De La Vega Francisco M, Gordon Derek, Su Xiaoping, Scafe Charles, Isaac Hadar, Gilbert Dennis A, Spier Eugene G
Applied Biosystems, Foster City, CA 94404, USA.
Hum Hered. 2005;60(1):43-60. doi: 10.1159/000087918. Epub 2005 Sep 2.
Power and sample size calculations are critical parts of any research design for genetic association. We present a method that utilizes haplotype frequency information and average marker-marker linkage disequilibrium on SNPs typed in and around all genes on a chromosome. The test statistic used is the classic likelihood ratio test applied to haplotypes in case/control populations. Haplotype frequencies are computed through specification of genetic model parameters. Power is determined by computation of the test's non-centrality parameter. Power per gene is computed as a weighted average of the power assuming each haplotype is associated with the trait. We apply our method to genotype data from dense SNP maps across three entire chromosomes (6, 21, and 22) for three different human populations (African-American, Caucasian, Chinese), three different models of disease (additive, dominant, and multiplicative) and two trait allele frequencies (rare, common). We perform a regression analysis using these factors, average marker-marker disequilibrium, and the haplotype diversity across the gene region to determine which factors most significantly affect average power for a gene in our data. Also, as a 'proof of principle' calculation, we perform power and sample size calculations for all genes within 100 kb of the PSORS1 locus (chromosome 6) for a previously published association study of psoriasis. Results of our regression analysis indicate that four highly significant factors that determine average power to detect association are: disease model, average marker-marker disequilibrium, haplotype diversity, and the trait allele frequency. These findings may have important implications for the design of well-powered candidate gene association studies. Our power and sample size calculations for the PSORS1 gene appear consistent with published findings, namely that there is substantial power (>0.99) for most genes within 100 kb of the PSORS1 locus at the 0.01 significance level.
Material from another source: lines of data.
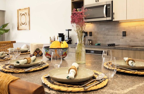 Unwind in the cozy living room, complete with your favorite TV shows, or step onto the private balcony to take in the panoramic views of Danzante Bay. The fully equipped, contemporary kitchen, stocked with all the necessary utensils for your culinary adventures, ensures you have everything you need to prepare delicious meals.
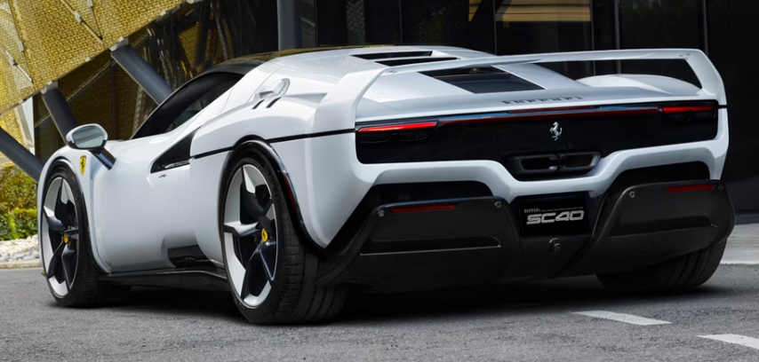 colore Bianco SC40, sviluppato esclusivamente per questo progetto, esalta le superfici scultoree e dona alla vettura una presenza scenica inconfondibile. Dietro, la fascia a griglia che aiuta a raffreddare il motore e le forme tese dell’ala
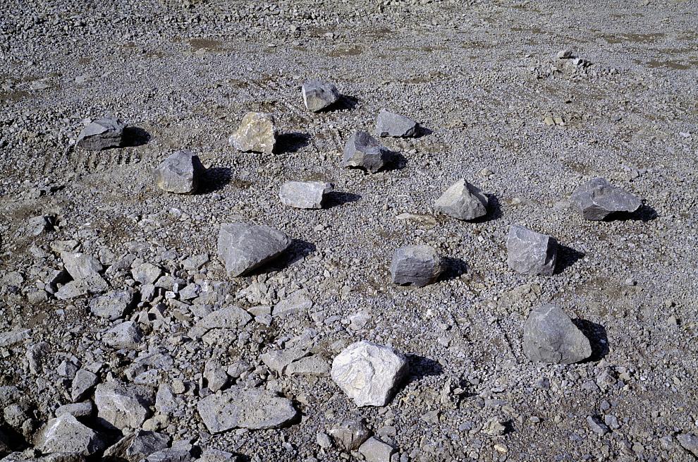 Kalk-Bruchsteine aus dem Steinbruch "Cantera del Grau" bei Montserrat/ Barcelona | Linienlaser | Installationsansicht in der Galerie Maria Villalba, Barcelona, Bild 2: Auswahl der Steine im Steinbruch | ca. 500 x 780 x 45 cm
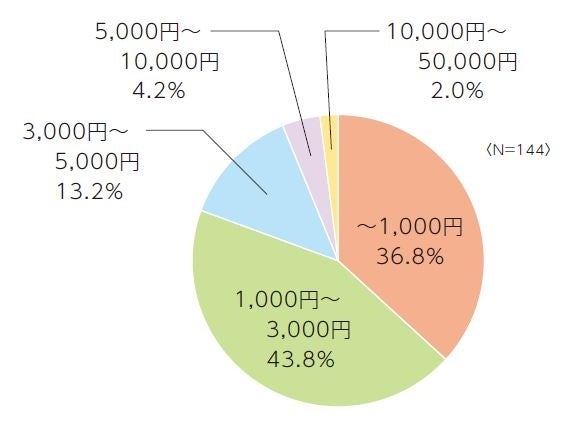 バレンタインデーで費やす金額は、「1,000円~3,000円」が最も多く、次いで「1,000円以下」という結果でした。総額「5,000円以下」が全体の約9割を占める一方、少数ですが5,000円から数万円を費やす方もいて、バレンタインを優雅に楽しむシニアライフがうかがえます。
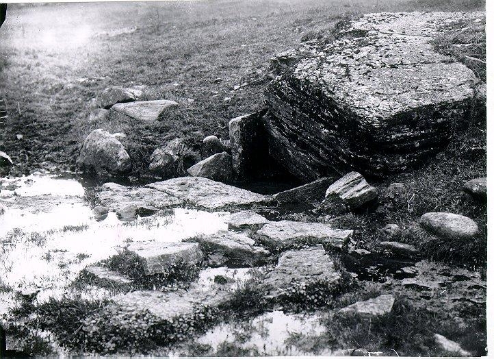 Titel: Offerkällan "Löve-käll" eller St. Livers källa. Redbergagården eller Hässlet. Stensatt, stort stenblock i ena änden.
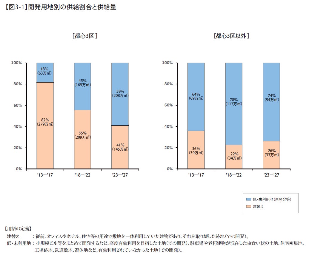 都心3区では、’13-’17年には8割であった「建替え」の割合が、’23-’27年には半減して4割まで低下する。開発用地の主体が「低・未利用地(再開発等)」へとシフトしている。一方、都心3区以外では、’13年以降継続して「低・未利用地(再開発等)」が開発主体になる。

效能和样本量计算是任何基因关联研究设计的关键部分。我们提出了一种方法,该方法利用了染色体上所有基因及其周围分型的单核苷酸多态性(SNP)的单倍型频率信息和平均标记-标记连锁不平衡。所使用的检验统计量是应用于病例/对照人群中单倍型的经典似然比检验。单倍型频率通过遗传模型参数的设定来计算。效能由检验的非中心参数计算得出。每个基因的效能通过假设每个单倍型与该性状相关时的效能加权平均值来计算。我们将我们的方法应用于来自三个不同人群(非裔美国人、白种人、中国人)的三条完整染色体(6号、21号和22号)上密集SNP图谱的基因型数据,三种不同的疾病模型(加性、显性和乘性)以及两个性状等位基因频率(罕见、常见)。我们使用这些因素、平均标记-标记不平衡以及基因区域内的单倍型多样性进行回归分析,以确定哪些因素对我们数据中一个基因的平均效能影响最为显著。此外,作为“原理验证”计算,我们对银屑病先前发表的关联研究中PSORS1基因座(6号染色体)100 kb范围内的所有基因进行了效能和样本量计算。我们回归分析的结果表明,决定检测关联平均效能的四个高度显著因素是:疾病模型、平均标记-标记不平衡、单倍型多样性和性状等位基因频率。这些发现可能对设计效能充足的候选基因关联研究具有重要意义。我们对PSORS1基因的效能和样本量计算似乎与已发表的结果一致,即在0.01显著性水平下,PSORS1基因座100 kb范围内的大多数基因具有很高的效能(>0.99)。